🤖 AI Summary
This study investigates whether the Top Trading Cycles (TTC) mechanism can consistently achieve both efficiency and fairness in large markets, with particular attention to whether its reliance on priority structures diminishes as market size grows. Leveraging random matching theory, asymptotic analysis, and comparative mechanism design under standard assumptions of random preferences and priorities, the paper establishes—for the first time—that as market size tends to infinity, the influence of priorities in TTC asymptotically vanishes. Consequently, the allocation outcome of TTC becomes asymptotically equivalent to that of Random Serial Dictatorship—a mechanism that entirely disregards priorities—in terms of the incidence of justified envy.
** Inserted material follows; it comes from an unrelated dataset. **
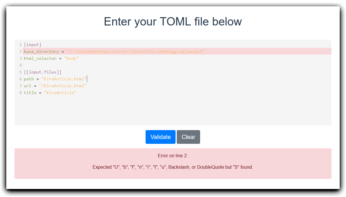 D:\SashaDemoRepositories\SashaPelicanDebugging>pelican content -s pelicanconf.py --fatal warnings --ignore-cache --debug [11:23:23] DEBUG Pelican version: 4.8.0 __init__.py:531 DEBUG Python version: 3.10.6 __init__.py:532 DEBUG Adding current directory to system path __init__.py:66 DEBUG Finding namespace plugins _utils.py:81 DEBUG Namespace plugins found: _utils.py:84 pelican.plugins.search pelican.plugins.sitemap DEBUG Loading plugin `search` _utils.py:90 DEBUG Registering plugin `pelican.plugins.search` __init__.py:73 DEBUG Found generator: ArticlesGenerator (internal) __init__.py:209 DEBUG Found generator: PagesGenerator (internal) __init__.py:209 DEBUG Found generator: SearchSettingsGenerator (pelican.plugins.search.search) __init__.py:209 DEBUG Found generator: StaticGenerator (internal) __init__.py:209 DEBUG Template list: ['!simple/archives.html', '!simple/article.html', '!simple/author.html', '!simple/authors.html', '!simple/base.html', '!simple/categories.html', '!simple/category.html', '!simple/gosquared.html', '!simple/index.html', generators.py:70 '!simple/page.html', '!simple/pagination.html', '!simple/period_archives.html', '!simple/tag.html', '!simple/tags.html', '!simple/translations.html', '!theme/analytics.html', '!theme/archives.html', '!theme/article.html', '!theme/article_infos.html', '!theme/author.html', '!theme/authors.html', '!theme/base.html', '!theme/categories.html', '!theme/category.html', '!theme/comments.html', '!theme/disqus_script.html', '!theme/github.html', '!theme/index.html', '!theme/page.html', '!theme/period_archives.html', '!theme/tag.html', '!theme/taglist.html', '!theme/tags.html', '!theme/translations.html', '!theme/twitter.html', 'analytics.html', 'archives.html', 'article.html', 'article_infos.html', 'author.html', 'authors.html', 'base.html', 'categories.html', 'category.html', 'comments.html', 'disqus_script.html', 'github.html', 'gosquared.html', 'index.html', 'page.html', 'pagination.html', 'period_archives.html', 'tag.html', 'taglist.html', 'tags.html', 'translations.html', 'twitter.html'] DEBUG Read file Articles/KiraArticle.md -> Article readers.py:547 DEBUG Signal article_generator_preread.send(ArticlesGenerator) readers.py:560 DEBUG Successfully imported extension module "markdown.extensions.meta". core.py:163 DEBUG Successfully loaded extension "markdown.extensions.meta.MetaExtension". core.py:126 DEBUG Signal article_generator_context.send(ArticlesGenerator, <metadata>) readers.py:627 [11:23:24] DEBUG Read file images/.keep -> Static readers.py:547 DEBUG Signal static_generator_preread.send(StaticGenerator) readers.py:560 DEBUG Signal static_generator_context.send(StaticGenerator, <metadata>) readers.py:627 INFO Writing D:/SashaDemoRepositories/SashaPelicanDebugging/output/feeds/all.atom.xml writers.py:163 INFO Writing D:/SashaDemoRepositories/SashaPelicanDebugging/output/feeds/articles.atom.xml writers.py:163 INFO Writing D:/SashaDemoRepositories/SashaPelicanDebugging/output/feeds/sasha-chernykh.atom.xml writers.py:163 INFO Writing D:/SashaDemoRepositories/SashaPelicanDebugging/output/feeds/sasha-chernykh.rss.xml writers.py:163 INFO Writing D:/SashaDemoRepositories/SashaPelicanDebugging/output/feeds/all-en.atom.xml writers.py:163 INFO Writing D:/SashaDemoRepositories/SashaPelicanDebugging/output/KiraArticle.html writers.py:212 INFO Writing D:/SashaDemoRepositories/SashaPelicanDebugging/output/index.html writers.py:212 INFO Writing D:/SashaDemoRepositories/SashaPelicanDebugging/output/tags.html writers.py:212 INFO Writing D:/SashaDemoRepositories/SashaPelicanDebugging/output/categories.html writers.py:212 INFO Writing D:/SashaDemoRepositories/SashaPelicanDebugging/output/authors.html writers.py:212 INFO Writing D:/SashaDemoRepositories/SashaPelicanDebugging/output/archives.html writers.py:212 INFO Writing D:/SashaDemoRepositories/SashaPelicanDebugging/output/category/articles.html writers.py:212 INFO Writing D:/SashaDemoRepositories/SashaPelicanDebugging/output/author/sasha-chernykh.html writers.py:212 CRITICAL Exception: Search plugin reported Error: Couldn't read the configuration file: Cannot parse config as TOML. Stork recieved error: `invalid escape character in string: `S` at line 2 column 22` __init__.py:566 ┌─────────────────────────────── Traceback (most recent call last) ────────────────────────────────┐ │ C:\Python310\lib\site-packages\pelican\plugins\search\search.py:38 in build_search_index │ │ │ │ 35 │ │ if not which("stork"): │ │ 36 │ │ │ raise Exception("Stork must be installed and available on $PATH.") │ │ 37 │ │ try: │ │ > 38 │ │ │ output = subprocess.run( │ │ 39 │ │ │ │ [ │ │ 40 │ │ │ │ │ "stork", │ │ 41 │ │ │ │ │ "build", │ │ │ │ C:\Python310\lib\subprocess.py:524 in run │ │ │ │ 521 │ │ │ raise │ │ 522 │ │ retcode = process.poll() │ │ 523 │ │ if check and retcode: │ │ > 524 │ │ │ raise CalledProcessError(retcode, process.args, │ │ 525 │ │ │ │ │ │ │ │ │ output=stdout, stderr=stderr) │ │ 526 │ return CompletedProcess(process.args, retcode, stdout, stderr) │ │ 527 │ └──────────────────────────────────────────────────────────────────────────────────────────────────┘ CalledProcessError: Command '['stork', 'build', '--input', 'D:\\SashaDemoRepositories\\SashaPelicanDebugging\\output\\search.toml', '--output', 'D:\\SashaDemoRepositories\\SashaPelicanDebugging\\output/search-index.st']' returned non-zero exit status 1. During handling of the above exception, another exception occurred: ┌───────────────

This result challenges the conventional view that TTC effectively balances fairness and efficiency in practical applications.
📝 Abstract
Top Trading Cycles (TTC) is Pareto efficient and strategy-proof and explicitly uses agents' priorities. Although TTC favors higher-priority agents in each round, we show that this priority advantage vanishes as the market grows large under a canonical random model of preferences and priorities. In the limit, TTC produces assignments with virtually the same incidence of justified envy as Random Serial Dictatorship (RSD) -- a mechanism entirely blind to priorities. This stark asymptotic equivalence implies that TTC effectively fails to satisfy standard fairness criteria in large markets, casting significant doubt on its practical appeal for balancing efficiency and fairness.